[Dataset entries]
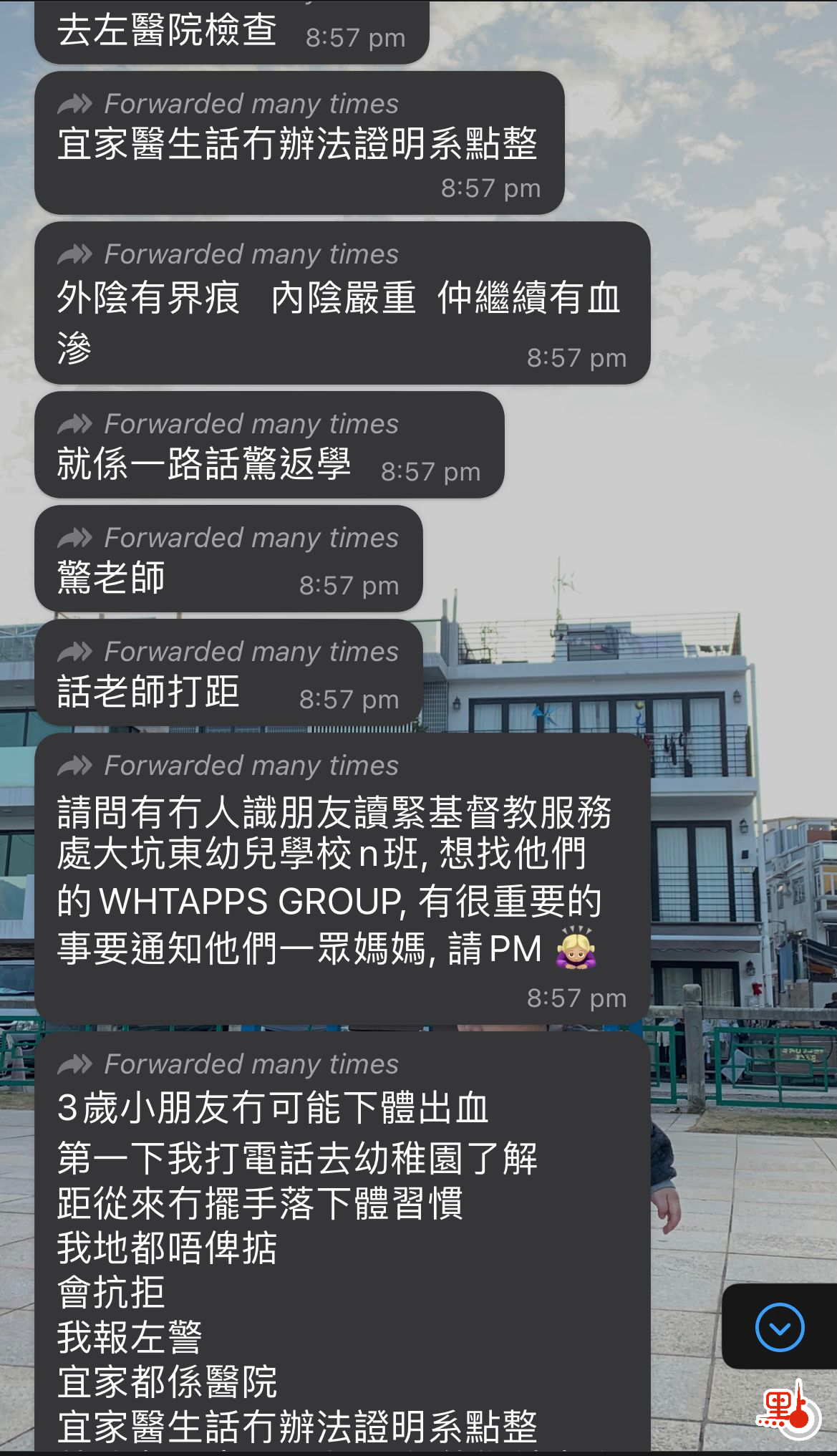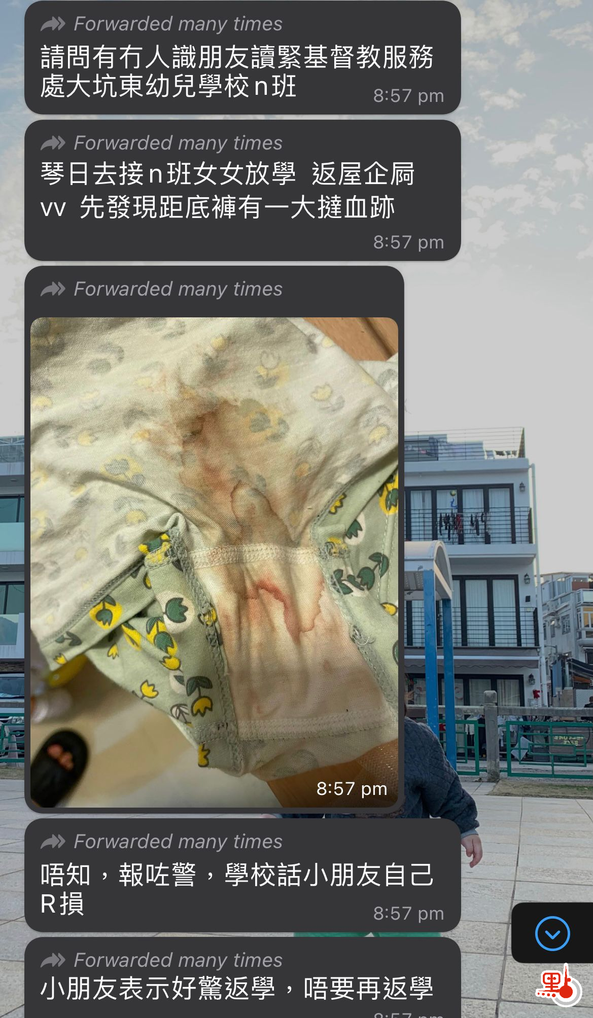 深水埗一所幼兒園懷疑發生虐兒事件。據傳媒今日(21日)接獲爆料報道(點新聞亦接獲相關投訴),指早前發現其3歲女兒放學後,發現其貼身內褲上有血跡,並且在下體外圍發現有可疑𠝹痕。又指出女兒懷疑早前在校內被老師「打心口」而一直抗拒返學。有傳媒向涉事的大坑東幼兒學校查詢事件,相關辦學團體表示高度關注事件,學校以兒童安全為首位,稍後將會進一步交代事件。
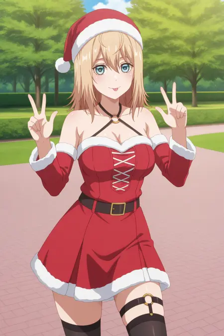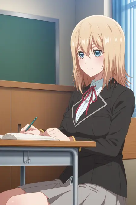 aaolivia, blue eyes, blonde hair, oliviaschool, red neck ribbon, white dress shirt, black blazer, grey skirt, pleated skirt, anime coloring,
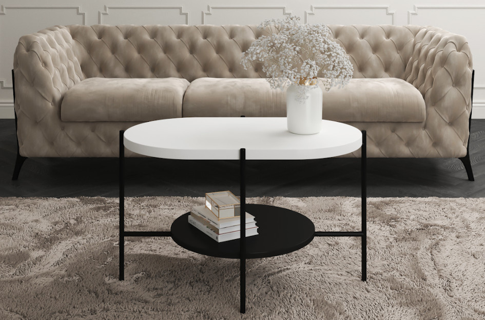 Nowoczesny stolik kawowy Dancan ARENA / czarna podstawa + biały i czarny blat
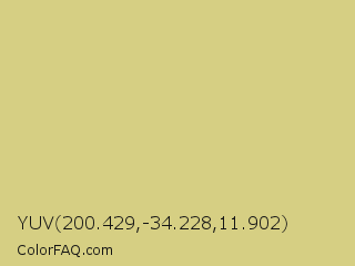 YUV 200.429,-34.228,11.902 Color is a light yellow color and the nearest color is Winter Hazel #d5d195. Hex code #d6cf83 and RGB value is rgb(214,207,131). In RGB color space, this color is composed of 84% red, 81% green, 51% blue, In CMYK color space, this color is composed of 0% cyan, 3% magenta, 39% yellow , 16% black , In HSL color space, this color has a hue angle of 55° , 50% saturation and 68% lightness.
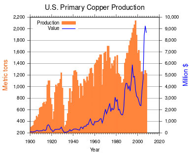Copper mining activity increased in the early 2000s because of increased price: the price increased from an average of $0.76 per pound for the year 2002, to $3.02 per pound for 2007.[2]
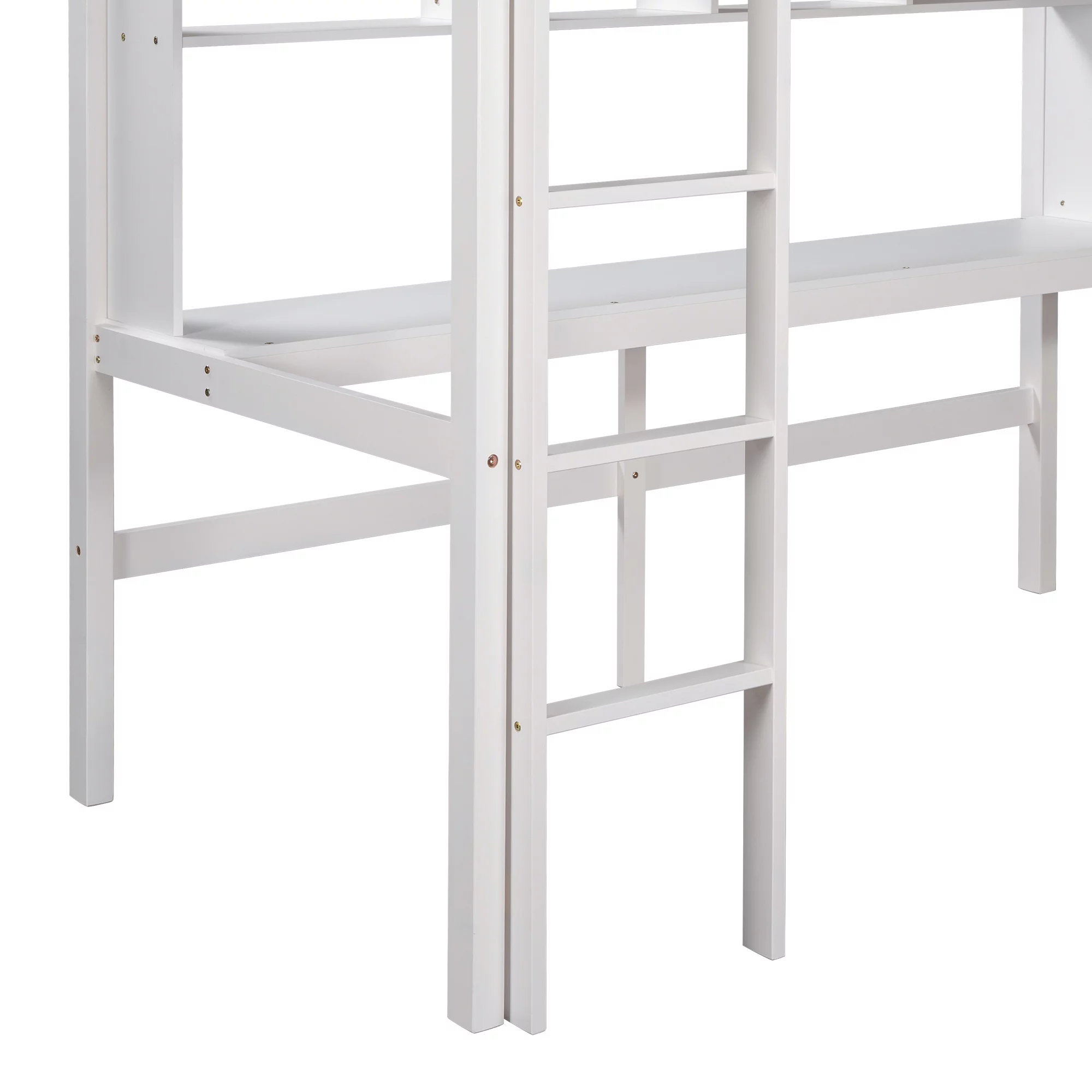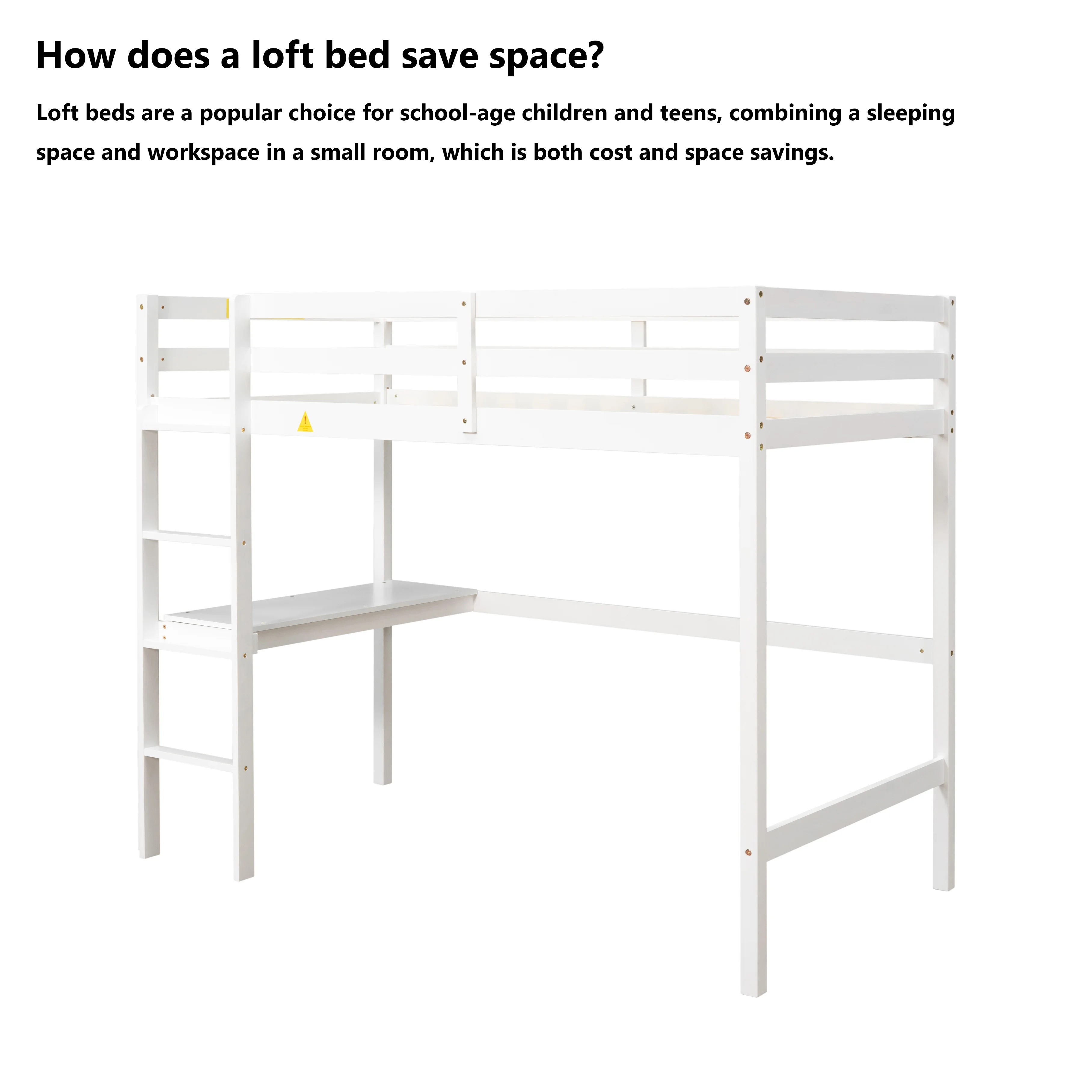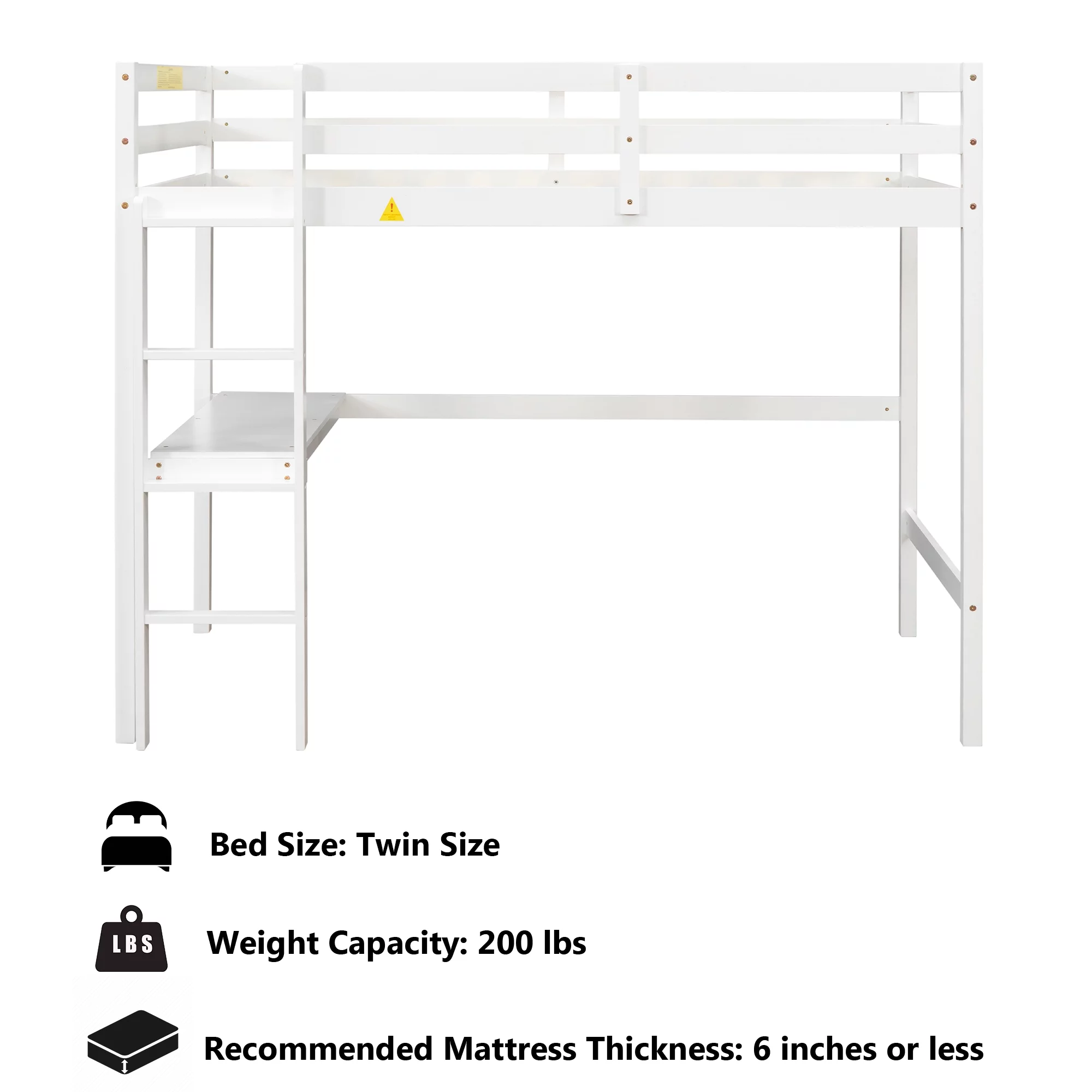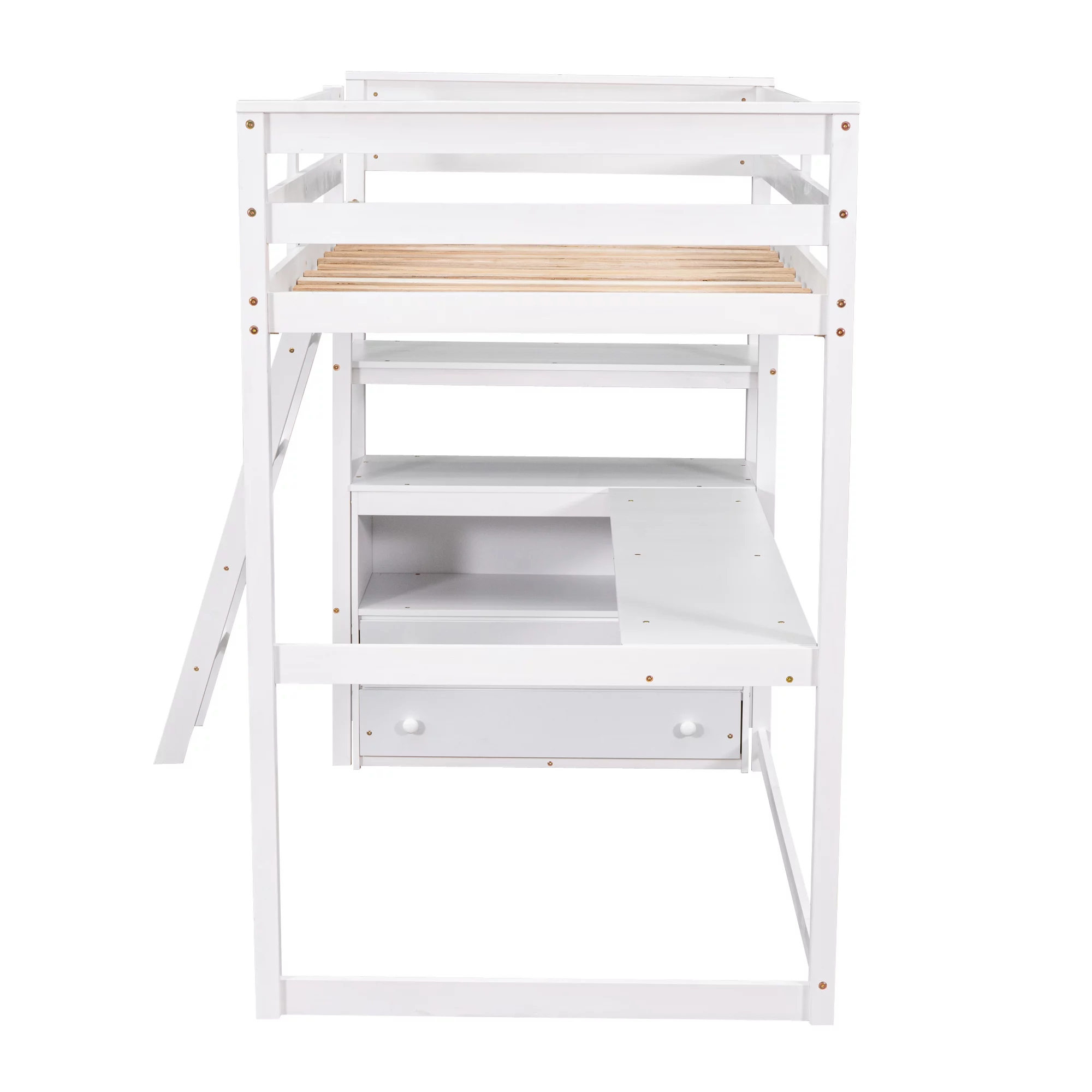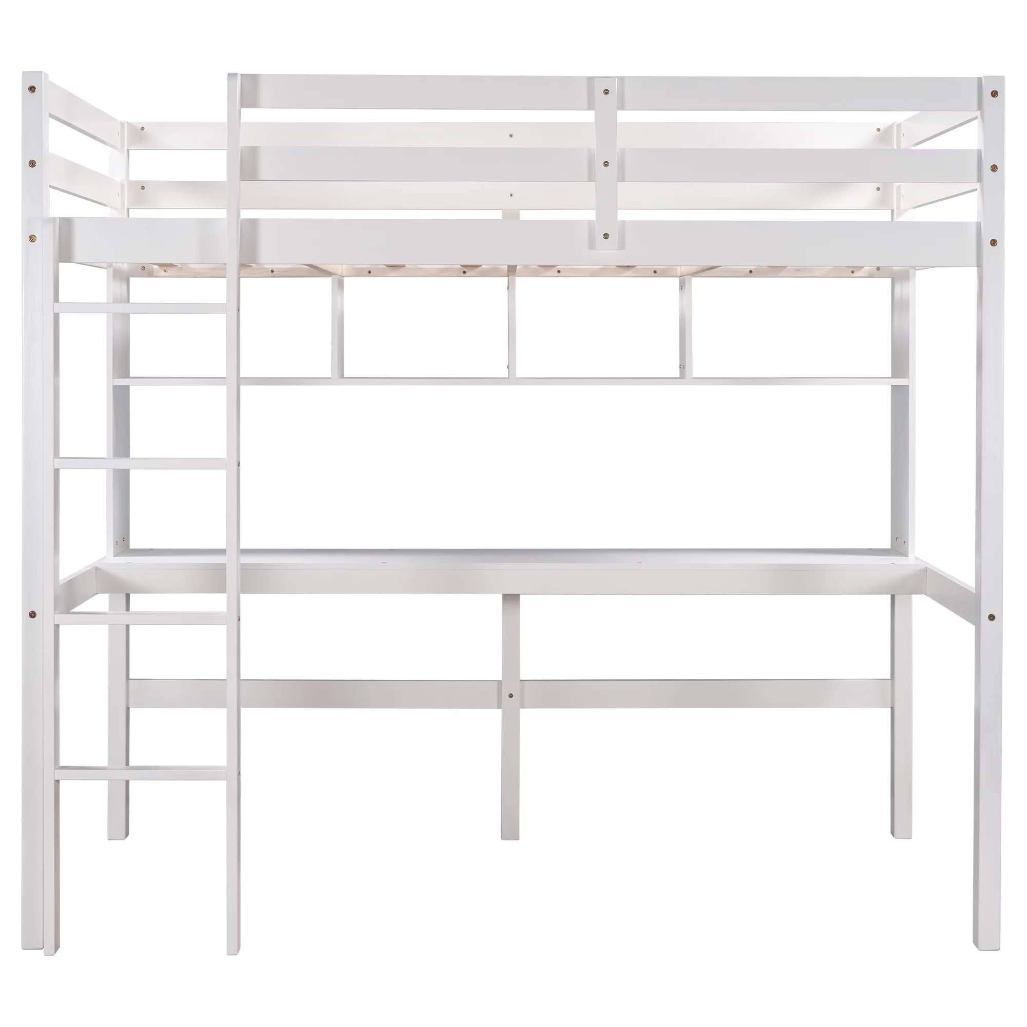Gewnee Pine Wood Twin Size Loft Bed with Built-in Desk and Ladder for Kids Room,White

Work required => Transcribe the lines that run from the line bearing "aaolivia, blue eyes, blonde" through the last line of the data. Keep the wording exact and leave out every picture.

Result of the task =>
 aaolivia, blue eyes, blonde hair, oliviaschool, red neck ribbon, white dress shirt, black blazer, grey skirt, pleated skirt, anime coloring,
 Nowoczesny stolik kawowy Dancan ARENA / czarna podstawa + biały i czarny blat
 YUV 200.429,-34.228,11.902 Color is a light yellow color and the nearest color is Winter Hazel #d5d195. Hex code #d6cf83 and RGB value is rgb(214,207,131). In RGB color space, this color is composed of 84% red, 81% green, 51% blue, In CMYK color space, this color is composed of 0% cyan, 3% magenta, 39% yellow , 16% black , In HSL color space, this color has a hue angle of 55° , 50% saturation and 68% lightness.
Copper mining activity increased in the early 2000s because of increased price: the price increased from an average of $0.76 per pound for the year 2002, to $3.02 per pound for 2007.[2]
Gewnee Pine Wood Twin Size Loft Bed with Built-in Desk and Ladder for Kids Room,White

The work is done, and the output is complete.